As can be seen from Table 4,the FN of GLCMTFV-ME method is 854 and the Kappa is 0.400 in Bern area,while the FN of the proposed method is 174 and the Kappa coefficient is 0.856 5.In Ottawa and Bangladesh,the Kappa of the proposed method are 0.893 0 and 0.922 9,while the Kappa of GLCMTFV-ME method is 0.766 and 0.594,respectively.

Therefore,the proposed method can detect the change region more effectively than the methods based on single texture feature vector,and can extract the change information better while resisting noise.

Table 4 The RS change detection index of three groups of comparative experiments

2.6.2 Comparative analysis by using single neighborhood features

The proposed method is compared with other methods by using single neighborhood features.Due to the NR-KI method is less resistant to noise and cannot effectively combat RS image noises,Figs.20(b) and 21(b) have more noise.Fig.23(b) has too many wrongly detected regions and cannot effectively separate the changing regions and non-changing regions.The detection result image of the proposed method has better performance for the fine edge parts and fewer stray points,which can effectively detect the changing regions.

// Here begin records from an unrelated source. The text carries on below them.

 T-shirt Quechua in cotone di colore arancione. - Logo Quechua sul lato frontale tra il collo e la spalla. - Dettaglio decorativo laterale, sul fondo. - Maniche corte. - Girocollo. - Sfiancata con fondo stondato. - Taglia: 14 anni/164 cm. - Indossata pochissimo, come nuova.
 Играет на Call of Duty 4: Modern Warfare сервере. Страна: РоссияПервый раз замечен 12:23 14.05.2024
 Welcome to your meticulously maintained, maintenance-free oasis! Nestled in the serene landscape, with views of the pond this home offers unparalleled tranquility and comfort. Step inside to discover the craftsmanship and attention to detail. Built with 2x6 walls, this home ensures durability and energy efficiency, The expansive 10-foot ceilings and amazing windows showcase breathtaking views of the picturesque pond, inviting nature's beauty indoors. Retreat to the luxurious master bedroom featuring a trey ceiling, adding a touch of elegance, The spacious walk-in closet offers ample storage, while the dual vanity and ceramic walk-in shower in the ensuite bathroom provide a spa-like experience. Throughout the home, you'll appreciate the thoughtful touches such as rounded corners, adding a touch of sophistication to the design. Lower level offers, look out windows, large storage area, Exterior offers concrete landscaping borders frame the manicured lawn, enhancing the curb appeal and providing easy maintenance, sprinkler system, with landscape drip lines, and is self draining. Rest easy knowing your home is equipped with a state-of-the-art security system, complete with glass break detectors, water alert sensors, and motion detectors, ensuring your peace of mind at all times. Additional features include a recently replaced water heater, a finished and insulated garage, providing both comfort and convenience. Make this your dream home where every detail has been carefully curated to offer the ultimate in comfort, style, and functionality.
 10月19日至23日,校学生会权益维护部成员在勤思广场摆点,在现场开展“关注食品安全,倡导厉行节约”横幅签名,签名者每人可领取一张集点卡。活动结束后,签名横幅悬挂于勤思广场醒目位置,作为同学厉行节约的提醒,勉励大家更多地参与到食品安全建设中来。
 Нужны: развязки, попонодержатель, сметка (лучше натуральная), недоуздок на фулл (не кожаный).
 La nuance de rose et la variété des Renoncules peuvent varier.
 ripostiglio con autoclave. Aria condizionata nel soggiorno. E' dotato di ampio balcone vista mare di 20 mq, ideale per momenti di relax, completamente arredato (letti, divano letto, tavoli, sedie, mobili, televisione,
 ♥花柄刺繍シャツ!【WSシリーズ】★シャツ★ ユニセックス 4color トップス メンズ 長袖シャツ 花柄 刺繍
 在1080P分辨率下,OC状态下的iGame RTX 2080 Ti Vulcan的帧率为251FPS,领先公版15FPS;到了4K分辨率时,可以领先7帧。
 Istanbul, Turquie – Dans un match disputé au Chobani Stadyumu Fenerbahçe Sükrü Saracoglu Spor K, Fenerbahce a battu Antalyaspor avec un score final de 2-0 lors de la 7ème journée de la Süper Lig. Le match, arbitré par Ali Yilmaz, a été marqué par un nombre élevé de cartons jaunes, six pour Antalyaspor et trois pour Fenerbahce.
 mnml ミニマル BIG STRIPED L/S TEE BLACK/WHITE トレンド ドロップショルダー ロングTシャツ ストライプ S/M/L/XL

It can be seen from Table 4,the FN of NR-KI method is 5 606 in Bangladesh,which is much higher than the FN of the proposed method.And the proposed method’s Kappa is 0.922 9.Therefore,the method only based on the single neighborhood features can’t suppress the background information better and has more noise.The proposed method combines the features of neighborhood and texture,so as to extract the change information better while resisting noise.

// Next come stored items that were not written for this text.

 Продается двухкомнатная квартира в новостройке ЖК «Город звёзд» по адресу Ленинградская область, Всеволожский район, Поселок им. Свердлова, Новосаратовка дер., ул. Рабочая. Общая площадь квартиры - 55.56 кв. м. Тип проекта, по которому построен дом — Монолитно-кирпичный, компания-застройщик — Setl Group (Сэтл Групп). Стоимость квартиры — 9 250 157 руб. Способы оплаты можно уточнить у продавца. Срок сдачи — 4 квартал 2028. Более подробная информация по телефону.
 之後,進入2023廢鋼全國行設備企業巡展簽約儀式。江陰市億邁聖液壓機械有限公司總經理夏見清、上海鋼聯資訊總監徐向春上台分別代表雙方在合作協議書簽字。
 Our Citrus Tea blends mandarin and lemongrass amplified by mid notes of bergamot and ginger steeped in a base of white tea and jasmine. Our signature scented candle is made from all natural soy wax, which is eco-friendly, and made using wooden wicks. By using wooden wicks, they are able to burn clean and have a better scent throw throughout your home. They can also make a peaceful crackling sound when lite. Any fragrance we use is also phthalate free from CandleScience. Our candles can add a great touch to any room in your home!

2.6.3 Comparative analysis with PCA feature extraction methods

Compared with the results of PCA feature extraction method,PCA feature extraction method can detect more information,but there is too much error detection information,as shown in Figs.20(c) and 21(c).From Fig.22(c),the PCA feature extraction method can detect most of the change region,but there are too many noise points.The detection result image of the proposed method has better detection results for the fine edge part and less noise points,and can effectively detect the change region.

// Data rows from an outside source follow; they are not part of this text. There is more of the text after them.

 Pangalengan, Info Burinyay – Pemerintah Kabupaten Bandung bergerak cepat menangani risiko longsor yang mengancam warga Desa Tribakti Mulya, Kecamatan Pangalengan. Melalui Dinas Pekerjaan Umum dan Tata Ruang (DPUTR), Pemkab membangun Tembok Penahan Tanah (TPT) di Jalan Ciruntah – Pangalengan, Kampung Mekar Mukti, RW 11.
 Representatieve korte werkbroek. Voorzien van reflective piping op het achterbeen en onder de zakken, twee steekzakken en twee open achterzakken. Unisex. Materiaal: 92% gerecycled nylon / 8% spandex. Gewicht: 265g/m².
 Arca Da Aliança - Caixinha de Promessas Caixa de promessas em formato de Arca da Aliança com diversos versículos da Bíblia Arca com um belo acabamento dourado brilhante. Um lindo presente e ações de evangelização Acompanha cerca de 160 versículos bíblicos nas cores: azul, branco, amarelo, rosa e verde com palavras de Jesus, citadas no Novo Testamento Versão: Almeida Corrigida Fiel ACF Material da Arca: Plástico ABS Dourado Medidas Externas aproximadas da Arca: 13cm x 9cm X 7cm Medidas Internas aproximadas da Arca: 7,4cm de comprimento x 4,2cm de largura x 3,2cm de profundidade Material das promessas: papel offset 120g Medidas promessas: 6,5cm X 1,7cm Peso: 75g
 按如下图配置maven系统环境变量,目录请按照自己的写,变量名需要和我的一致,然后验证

It can be seen from Table 4 that the FP of PCA-Kmeans is 4 095 in the Ottawa region,while the FP of the proposed method is 944 and the Kappa is 0.893 0.In the Bern and Bangladesh regions,the Kappa for the proposed method is 0.856 5 and 0.922 9,respectively,while the Kappa for the PCA-Kmeans method is 0.646 and 0.871,respectively.

The proposed method can reduce the OE and improve the change detection accuracy,therefore it is more effective than the method based on PCA extraction of differential image feature vectors.

3 Conclusions

In order to improve the accuracy of change detection methods,the PCA feature fusion principle and information theory are studied and applied to the field of RS images.And a new unsupervised change detection method is proposed for RS images by using PCA information entropy to fuse texture features and neighborhood feature,which can make full use of texture information and neighborhood information of images to find more information hidden in the datasets.Through different types of experiments on various datasets,the proposed method is compared and analyzed with other advanced methods.The experimental results demonstrate the proposed method obviously improves the accuracy of the algorithm and has better performance of change detection for RS images.In the future work,the influence of shape features will be considered for the change detection and the methods to improve the calculation speed of GLCM method also will be studied.